I'm writing, of course, of Mistress Masham's Repose.  

It was one of my grandfather's (your father's) favorite books, so I have no doubt that you, too, remember him reading passages out loud.  I can remember his excitement about me being ready for him to read it aloud -- I think we may have had a false start or two when I was too young for it -- and his great pleasure in my loving it too.

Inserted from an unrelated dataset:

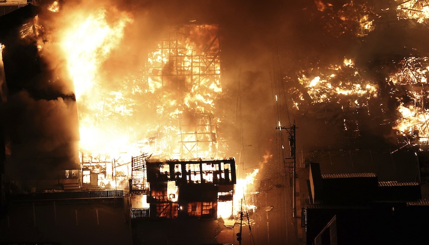 当地时间19时20分左右,受地震引发的房屋倒塌、道路受损影响,石川县轮岛市河合町地区发生多起火灾,火势有大范围蔓延的趋势,消防人员正在灭火,受伤人数暂不确定。

Mistress Masham's Repose is the story of 10-year-old orphaned Maria (yup, another orphan), an heiress of sorts who lives on her ruined estate under the care of her guardian, the vicar Mr. Hater, and a horribly mean governess, Miss Brown.  Maria lives in general misery save for the friendship of a dotty old professor and a nice cook.  Then, one day, she discovers the city of tiny people living on an island in the corner of the estate, in a run-down temple known as "Mistress Masham's Repose." 

The tiny people turn out to be the descendants of Gulliver's Lilliputians, a community in exile.  Maria tries to befriend them, and there is some comedy in her large bumbling -- I remember particularly a Lilliputian being wrapped up in her handkerchief and very red-faced and angry when he's tumbled out.  They eventually grow to understand and like each other, and Maria and the professor must become the Lilliputians' protectors when Miss Brown and Mr. Hater get wind of their presence, and sense a chance to make money off of them.

I would love to reread this book -- it's been years.  Happily, after being out of print for a while, this is another gem that's been reprinted under the auspices of the New York Review Children's Collection.

Did your kids ever get into this one?

Love, Annie

1 comment:

  1. Just a great book for this boy, too. Don't think my daughters took a shine to it, though. Great to hear it's back in print!